Ainsi, les défenseurs de la guerre juste répondent généralement à cette critique que le statut moral de la guerre est dépendant des circonstances de sorte qu'une théorie morale basée sur des normes absolues, comme l'est l’approche déontologique, n'est pas une réponse acceptable pour juger de la valeur morale d'une intervention armée :

Nous ferions bien de nous souvenir ce qui, dans plusieurs de nos débats actuels, a soit été oublié, soit systématiquement ignoré : que certaines circonstances peuvent survenir dans l'histoire humaine selon lesquelles l'usage de la force, à un niveau approprié et discriminant les cibles, peut être le moyen préférable pour la protection et la préservation des valeurs. En oubliant ou en ignorant ceci, parfois au nom de considérations morales ostensibles, ceux qui rejettent un tel usage de la force choisissent, en fait, une solution moins morale que celle donnée par la tradition affirmant qu'une guerre juste doit également être une guerre limitée (Turner : 60).

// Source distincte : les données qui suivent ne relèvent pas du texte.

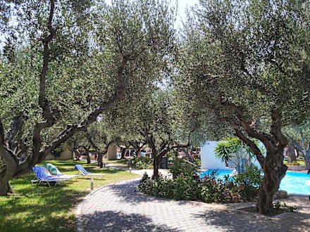 Gepflegte Anlage mit vielen Schattenplätzen unter Olivenbäumen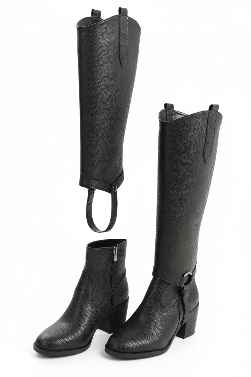 מגפי נשים שחורים דמויי-עור בעיצוב ייחודי וחכם: מגף קרסול קלאסי המגיע עם תוספת שרוול רכיבה גבוה הניתן לחיבור וניתוק בקלות, לקבלת שני לוקים שונים במגף אחד.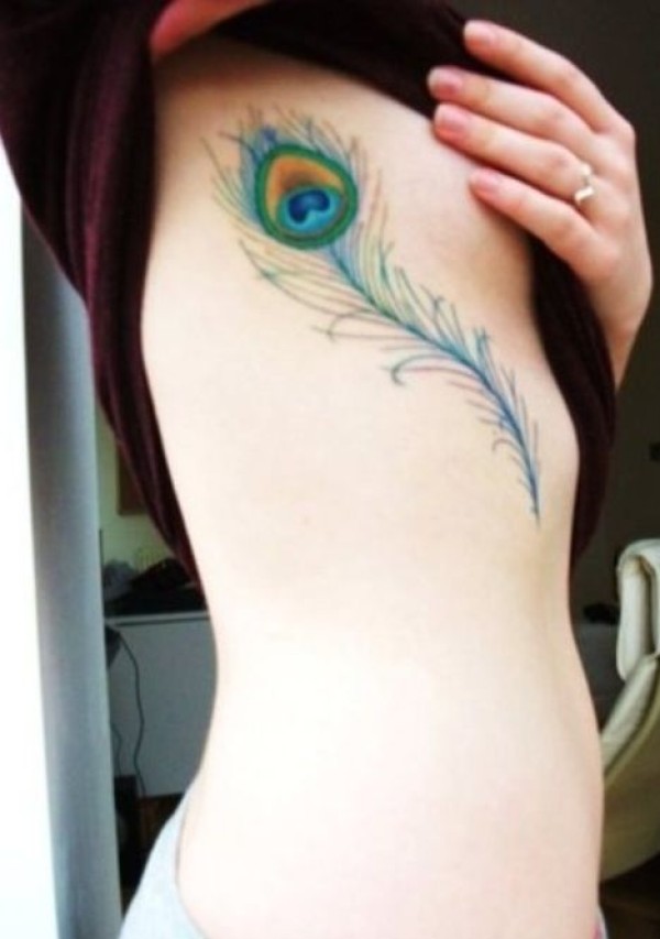 美女侧腰一款时尚唯美的羽毛纹身图案_小清新纹身图案大全_纹身图吧
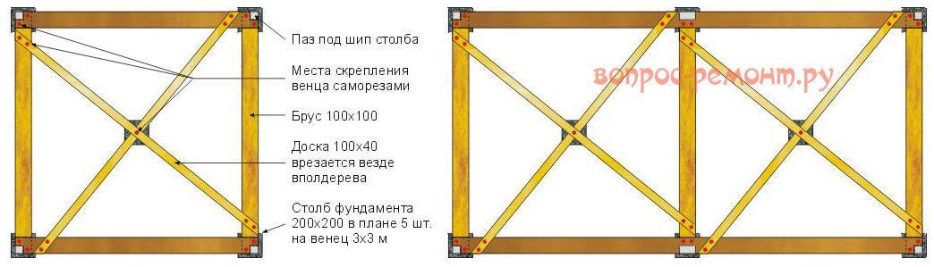 - Рамы только брусовые 100х100 мм; сборные из досок не годятся.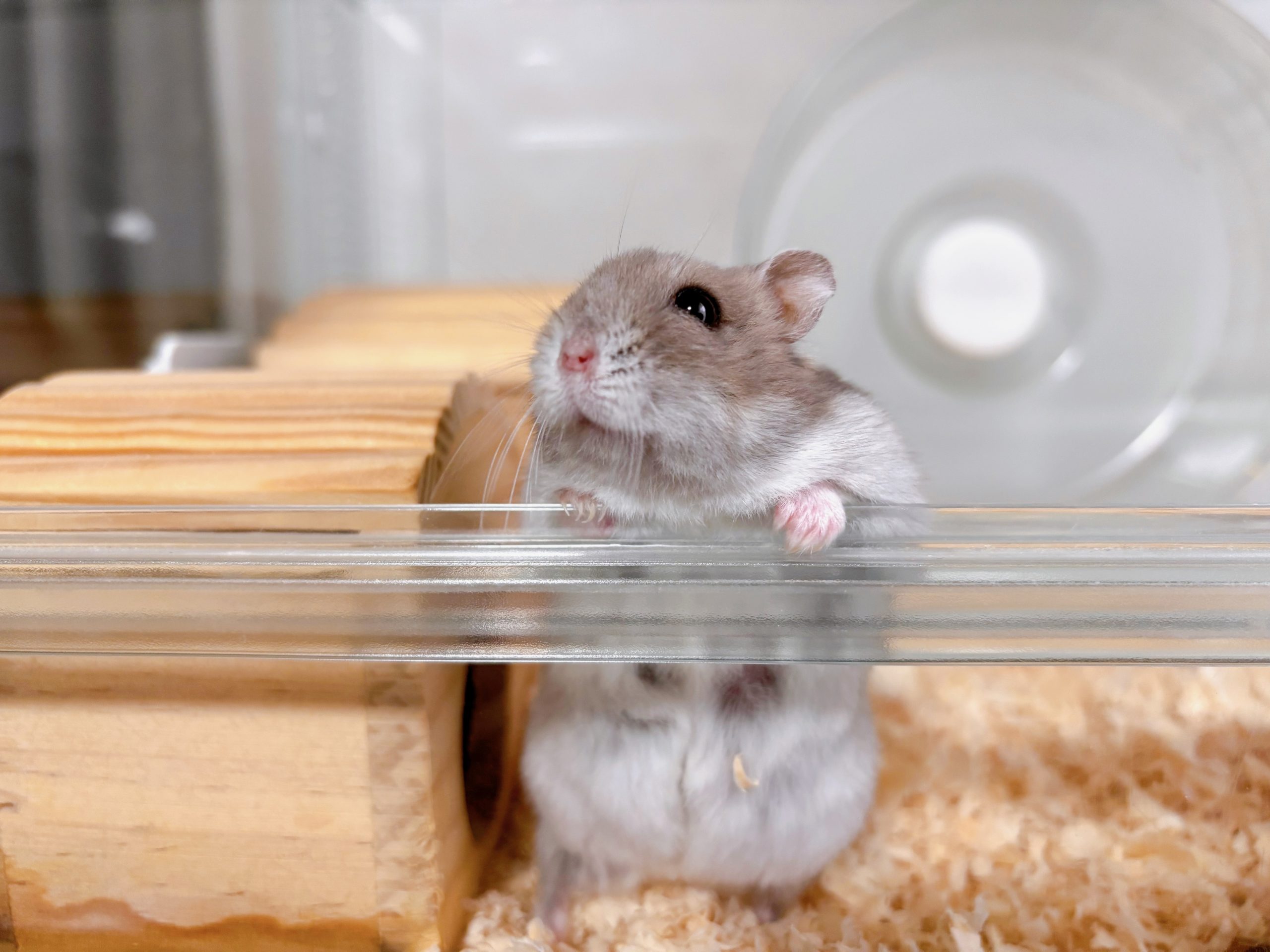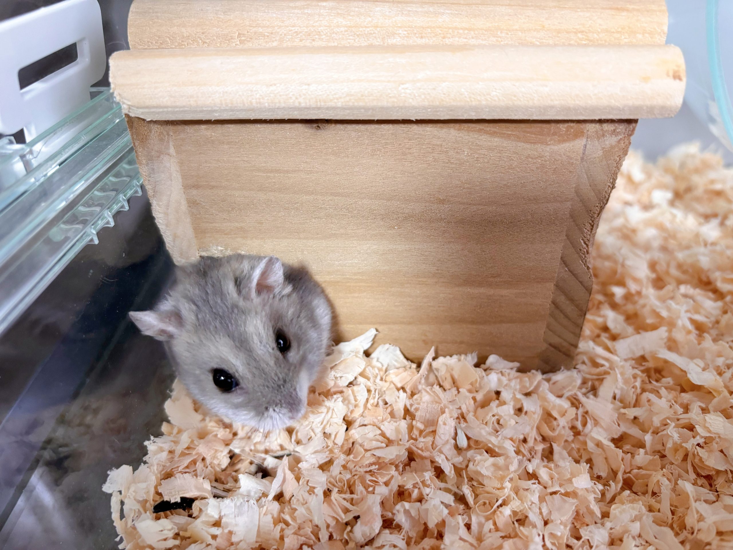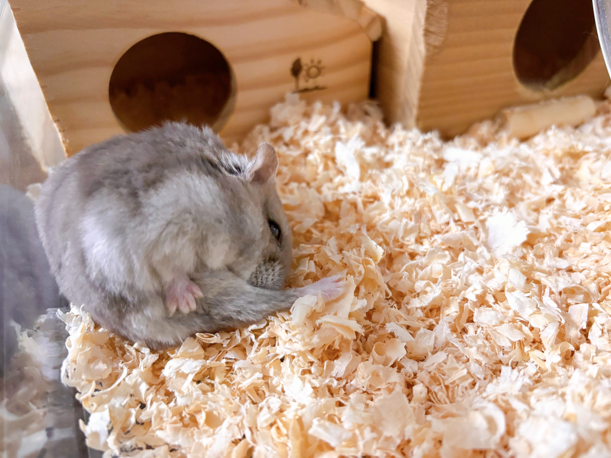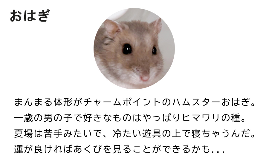 まんまる体形がチャームポイントのジャンガリアンハムスター「おはぎ」。 一歳の男の子で、好きなものはやっぱりヒマワリの種。

Nous acceptons généralement que l'exigence de ne pas tuer ne soit pas absolue et que, dans certaines circonstances particulières telles que la légitime défense, elle admette quelques exceptions. Un exemple donné par G.E. Anscombe, et repris par

35 Orend, pour illustrer le rôle des circonstances revient à celui de la discrimination des victimes; selon eux, les exigences de la moralité ne s'appliquent pas également à tous dans des circonstances données. Ainsi, selon Anscombe, il faut « distinguer entre le ―sang des innocents‖ et le ―sang des coupables‖ » (Orend, 2000 : 153). Par exemple, si dans une prise d'otages, tuer un terroriste pouvait sauver de nombreux innocents, il semble difficile d'affirmer que le devoir de ne pas tuer soit plus important que le devoir de sauver des vies.

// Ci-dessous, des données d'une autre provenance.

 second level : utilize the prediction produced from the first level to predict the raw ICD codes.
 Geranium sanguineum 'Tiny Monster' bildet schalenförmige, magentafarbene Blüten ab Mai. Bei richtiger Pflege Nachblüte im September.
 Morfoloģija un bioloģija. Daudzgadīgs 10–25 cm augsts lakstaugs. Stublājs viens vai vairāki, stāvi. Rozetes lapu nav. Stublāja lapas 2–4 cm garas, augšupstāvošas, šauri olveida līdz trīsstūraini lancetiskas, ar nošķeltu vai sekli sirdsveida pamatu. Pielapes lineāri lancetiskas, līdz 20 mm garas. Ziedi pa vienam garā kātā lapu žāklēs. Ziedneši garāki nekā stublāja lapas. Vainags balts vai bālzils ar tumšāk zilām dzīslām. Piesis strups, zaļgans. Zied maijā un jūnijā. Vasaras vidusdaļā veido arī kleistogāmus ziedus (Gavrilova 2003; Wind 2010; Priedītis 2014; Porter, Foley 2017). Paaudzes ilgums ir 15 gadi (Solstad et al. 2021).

La critique pacifiste nous permet de voir une première caractéristique importante que doit avoir la guerre juste, soit qu'une théorie adéquate de la guerre juste doit essentiellement être une éthique appliquée apte à prendre en compte le rôle des circonstances dans le jugement moral, ce que la déontologie peine à faire. Ainsi, la justification du recours à la guerre et des moyens qu'elle emploie dépend grandement des circonstances. Pour illustrer cette caractéristique, je référerai à l'affirmation très juste de Walzer voulant que : « des critères moraux identiques produisent des verdicts moraux différents selon les guerres examinées » (2004A : 11.) Par exemple, si comme le prétend Walzer (2004 : 59), les tactiques du Bomber Command « (qui devait viser les maisons et non pas les existences des civils, comme s'il s'agissait de deux cibles distinctes) » (2004 : 59) était justifiée durant la Seconde Guerre mondiale, dans d'autres circonstances, nous devons reconnaître que cette tactique serait injustifiable. Dans le même ordre d'idées, les réponses militaires ou pacifiques peuvent être les réponses appropriées dans certains contextes, mais elles ne valent pas pour tous les contextes. La guerre juste doit donc se présenter nécessairement comme une éthique appliquée, donc contextuelle, déterminant le statut moral de la guerre et le mode d'intervention approprié en fonction des circonstances réelles et de l'éventail des réponses disponibles.